From the trailhead, a trail leads north to NW on the east side of the creek for about ½ mile before it begins to fade. Before entering a forested area, cross the creek where the trail comes very near to it and head up an open slope, not too steep, staying near the edge of the forest. After about 400 feet of gain, head into the forest and work your way through the forest into the upper basin of West Brush Creek. You may at times see something of a trail in here. Pass along the foot of a rock glacier where more trail may be evident and eventually intersect the creek and continue along the drainage, to the end of the trees, hopefully finding a trail again that also heads NW to a saddle between White BM and a minor 12er of 12,728 to the south of White. Follow this trail to the saddle between White BM and UN12,728. Most of this upper basin hike will be on the faint trail and tundra. Wildflowers abound all around here, especially a very red variety of paintbrush.
Once at the saddle, turn north and begin following the ridge crest to the summit. Along the way you'll encounter a few rock outcrops. At one particular outcrop, the droppings left behind by mountain goats are a couple of inches deep. Keep your eye out for them. Continue up the ridge that gradually turns to more rock & small boulder rubble. Finish on the rocky summit. Contemplate the trip over to White Rock Mountain if you wish, but be warned, it's a difficult traverse. Descend by the same ridge, or shortcut your descent by heading more directly down the SE face by one of several scree slope opportunities. Many more wildflowers to be seen here.

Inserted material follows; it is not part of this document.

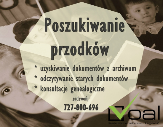 Szanse na ustalanie przodków wydają się bezpowrotnie mijać wraz ze śmiercią dziadków i pradziadków. Przynajmniej tak myśli wielu z nas. Tymczasem mając podstawowe dane o starszych pokoleniach w swojej rodzinie można dowiedzieć się naprawdę wiele. Poszukiwanie przodków jest czasochłonnym zajęciem, dlatego pomożemy Państwu w dotarciu do swoich korzeni, zagłębianiu się w historie rodzinne i uzyskiwaniu dokumentów z archiwów.

It should be noted that the trailhead for this hike can also serve as a TH for Teocalli. A trail which does not show on either the USGS quad, or the Guinnison NF map, heads east from the parking area to the south ridge of Teocalli ("Teocalli Ridge" on the USGS map) and crosses the ridge at 11,100 ft. Head north from that saddle for an easy Class 2 hike to the summit on a trail that eventually fades away below some minor cliff bands.